Could you return each line from the one bearing "نهتم بأهلنا الكبار" through the last line of the entries, exactly as it stands, with no pictures?

Items listed in a dataset:
Content starts
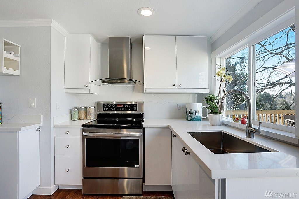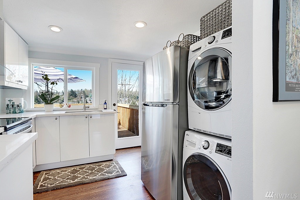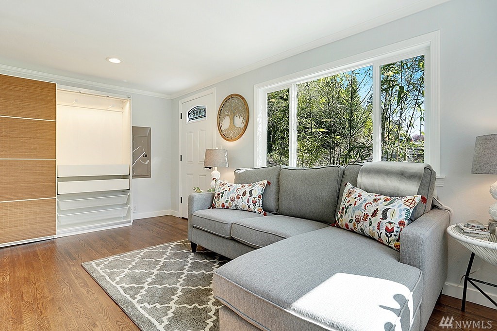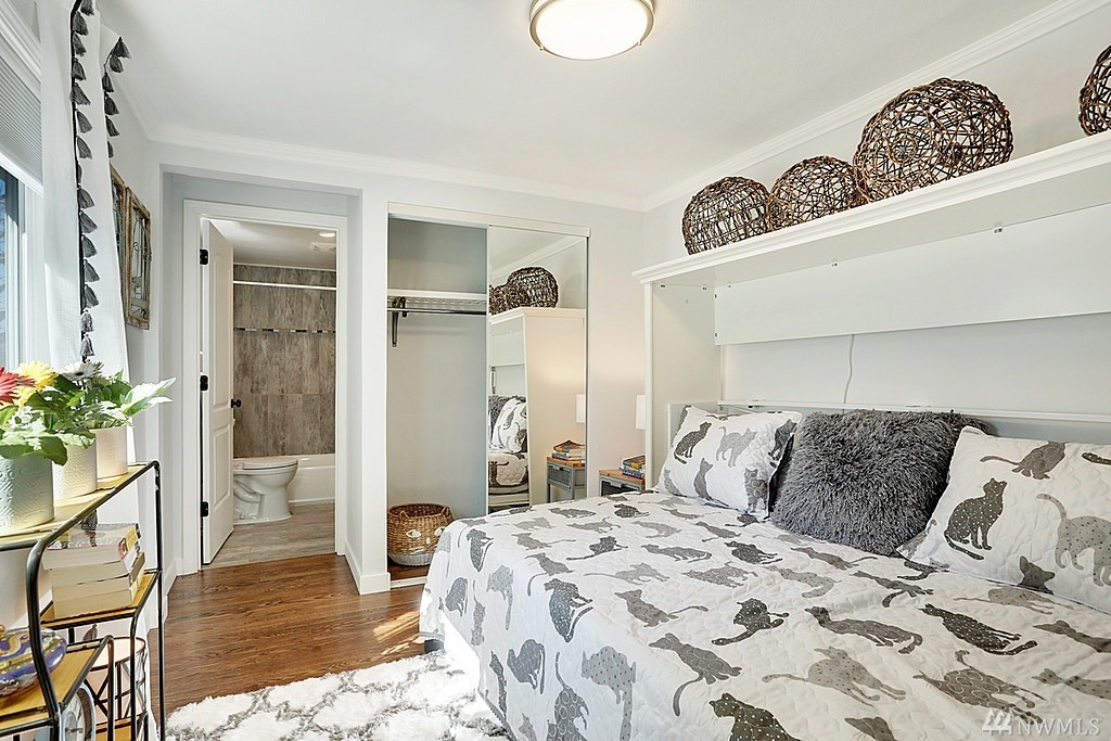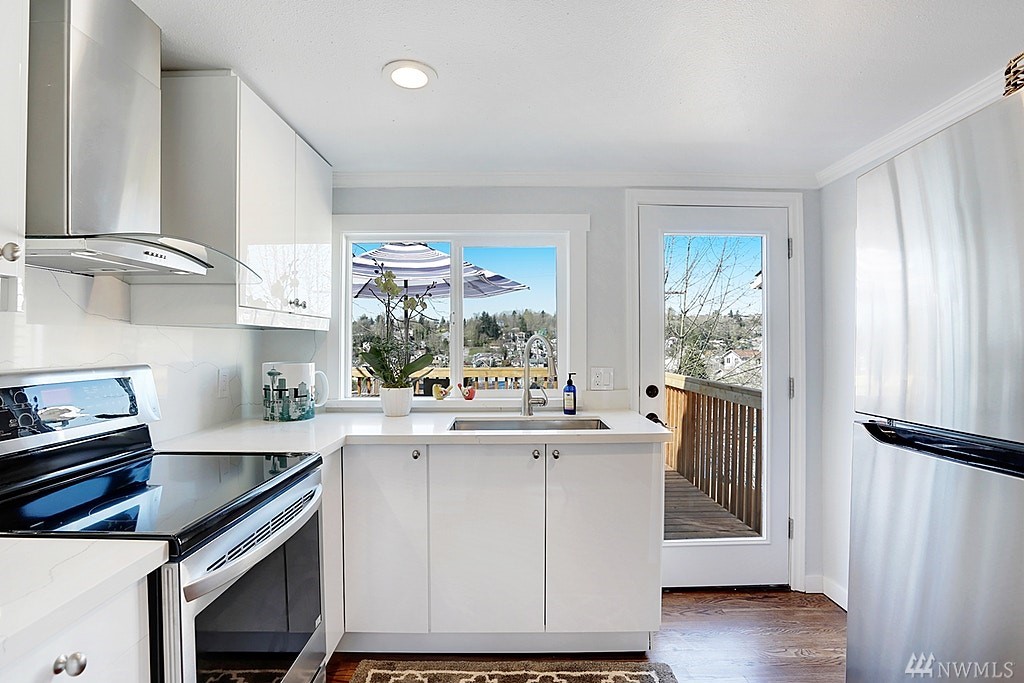 Rare, stylish, Hillman City pied-a-terre, condo alternative, small house or Air B & B. WALK SCORE 89: walk 10 min to Light Rail Station & 8 min to PCC & fabulous Columbia City! Sweet bungalow is 100% updated. Abundant natural light & oversized VIEW deck & ALL NEW finishes & appliances, hardwood floors. Lives larger than you think with new built-ins, Murphy bed, electric fireplace media center, stacking w/d. Basement w dry storage. Very private & cozy. 2+2 off st parking w sunny backyard.
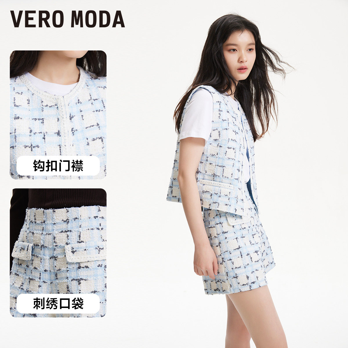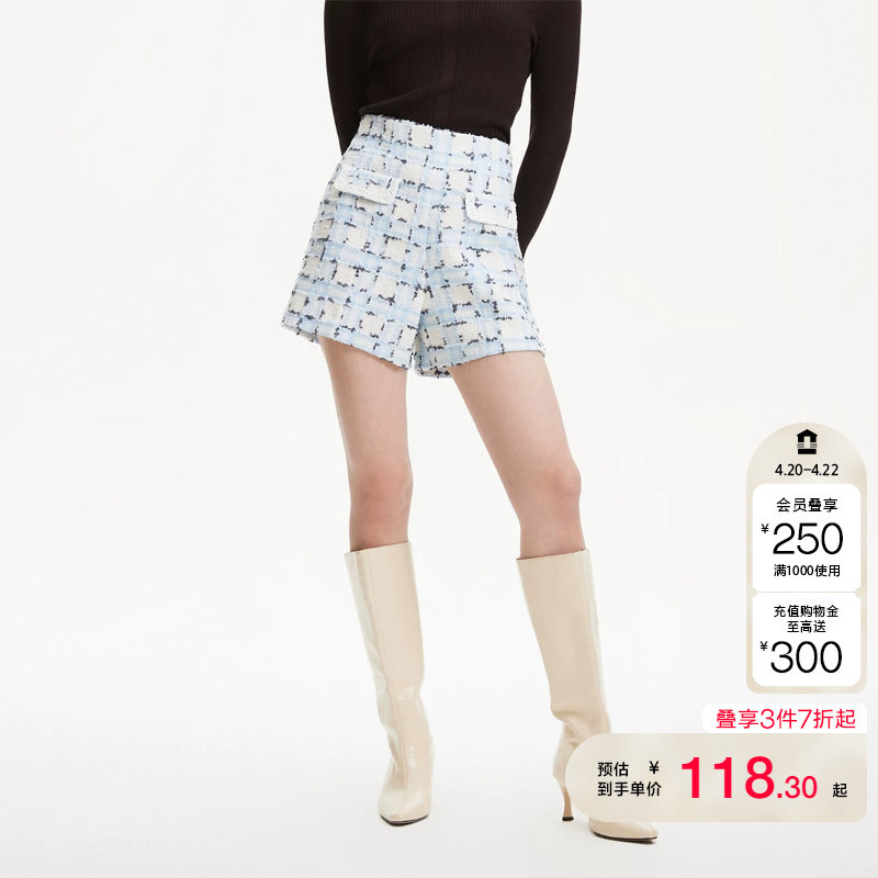 📚 tq区绫致VeroModa小香风短裤春夏粗呢针织色胺蓝色短裤女
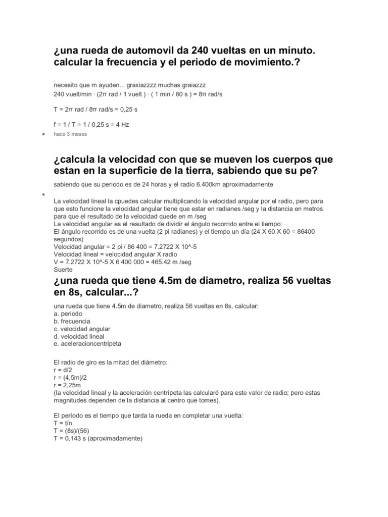 una rueda que tiene 4.5m de diametro, realiza 56 vueltas en 8s, calcular: a. periodo b. frecuencia c. velocidad angular d. velocidad lineal e. aceleracioncentripeta El radio de giro es la mitad del dimetro: r = d/2 r = (4,5m)/2 r = 2,25m (la velocidad lineal y la aceleracin centrpeta las calcular para este valor de radio; pero estas magnitudes dependen de la distancia al centro que tomes). El perodo es el tiempo que tarda la rueda en completar una vuelta: T = t/n T = (8s)/(56) T = 0,143 s (aproximadamente)
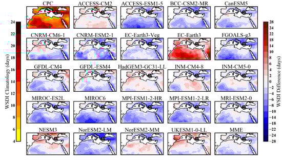 Spatial distribution of warm spell duration index (WSDI) difference from the CMIP6 GCMs (Table 1) and their MME during 1979–2014. The first plot shows the climatology of (WSDI) from CPC. The model difference is calculated as model (before correction) minus CPC.
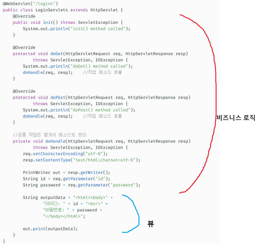 초창기 웹은 상대적으로 복잡하지 않은 구조를 갖기 떄문에 하나의 소스 코드 파일 내에 뷰(HTML), 로직(Java) 등이 혼재되어 있었습니다. 다음 서블릿 코드를 보면 하나의 소스 코드 파일에 뷰와 비즈니스 로직이 혼재해 있음을 볼 수 있습니다.
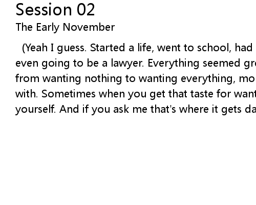 | (Yeah I guess. Started a life, went to school, had a job, got married. He was even going to be a lawyer. Everything seemed great. The only problem was he went from wanting nothing to wanting everything, more than he even knew what to do with. Sometimes when you get that taste for wanting things, you only want for yourself. And if you ask me that's where it gets dangerous.) |
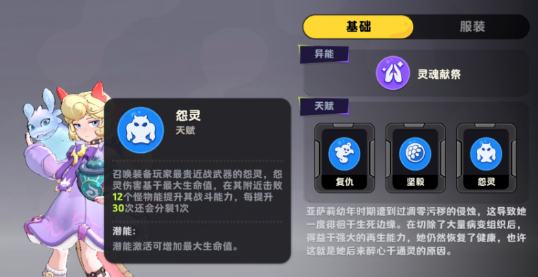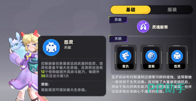 在召唤流构筑中,“怨灵”天赋是关键支点:其召唤物伤害基于亚萨莉最大生命值计算,且随击杀数提升战力——每击败12个敌人,即可获得一次属性强化;每累计30次攻击,还将额外分裂出一只新怨灵。配合近战武器加成,该体系可在中后期形成稳定、多线、高生存的输出矩阵,极大延展亚萨莉的战场控制半径与持续作战时间。
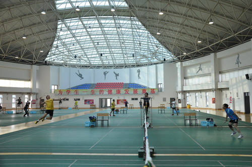 8 月 29 日至 9 月 1 日,校风雨操场羽毛球馆承办了天津市第十三届运动会成年组的羽毛球比赛。此次比赛涉及羽毛球全部五个项目,全市各行各业240 多名选手参加了比赛。
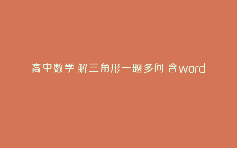 高中数学:解三角形一题多问(含word) 5个月前 标签:word一题高中数学 上一篇文章敦煌封存千年的唐代草书真迹,4万多字完好无缺,让写“丑书者”无地自容! 下一篇文章攻克慢性前列腺炎!中医帮你用好9组药,拯救男人于水火
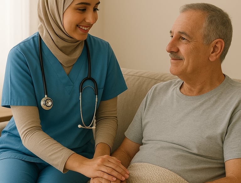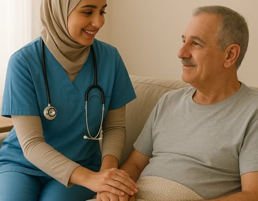 نهتم بأهلنا الكبار بعناية طبية وإنسانية، من المرافقة اليومية، المساعدة في الحركة، التغذية، والمتابعة الصحية المستمرة داخل المنزل.
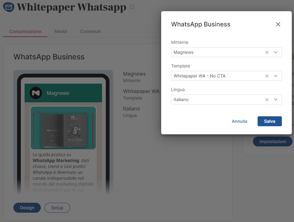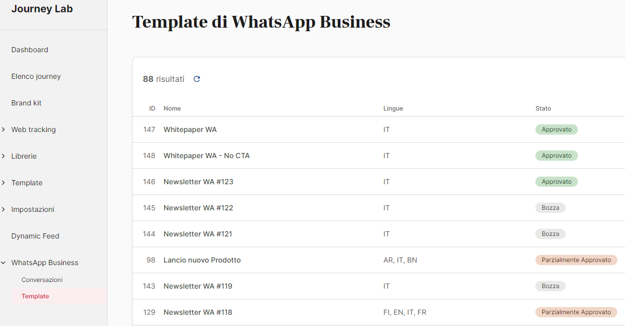 With the WhatsApp Business solution directly integrated on magnews, you can manage the entire life-cycle of templates, from creation to modification, to approval, directly on the platform in the Template section accessible from the menu Journey Lab > WhatsApp Business.
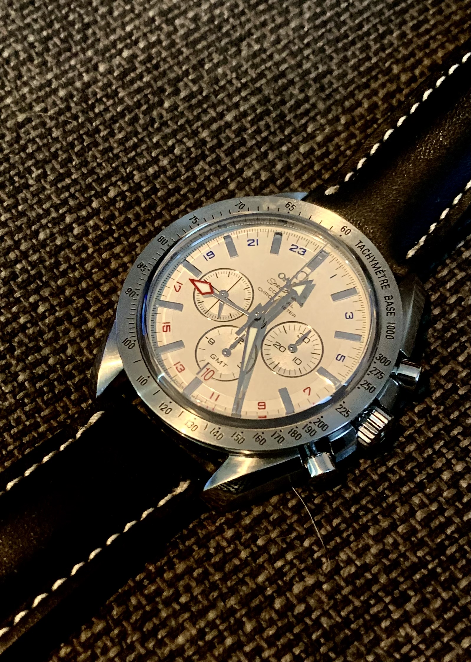 ยทJust recently bought this cream dial Omega Speedmaster Co-Axial Broad Arrow GMT and I am very satisfied with it. The dial looks very good and the watch size (42,2mm) is perfect to my wrist.
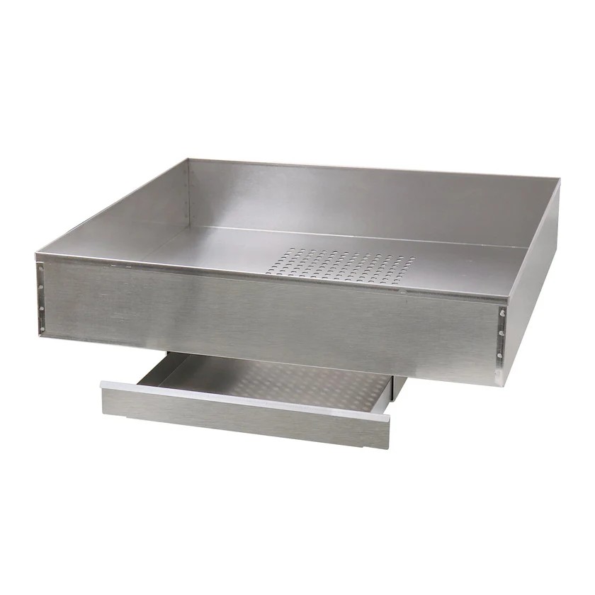 The Perforated Cooling Pan #2166P from Gold Medal is the perfect way to cool your corn. It is an anodized aluminum without a chute. (2.5 or 5 gal.) Includes Old Maid Pan - for countertop sifting of popped corn where space is limited. 3/8" diameter holes.
Content ends
• Written solution:
 نهتم بأهلنا الكبار بعناية طبية وإنسانية، من المرافقة اليومية، المساعدة في الحركة، التغذية، والمتابعة الصحية المستمرة داخل المنزل.
 With the WhatsApp Business solution directly integrated on magnews, you can manage the entire life-cycle of templates, from creation to modification, to approval, directly on the platform in the Template section accessible from the menu Journey Lab > WhatsApp Business.
 ยทJust recently bought this cream dial Omega Speedmaster Co-Axial Broad Arrow GMT and I am very satisfied with it. The dial looks very good and the watch size (42,2mm) is perfect to my wrist.
 The Perforated Cooling Pan #2166P from Gold Medal is the perfect way to cool your corn. It is an anodized aluminum without a chute. (2.5 or 5 gal.) Includes Old Maid Pan - for countertop sifting of popped corn where space is limited. 3/8" diameter holes.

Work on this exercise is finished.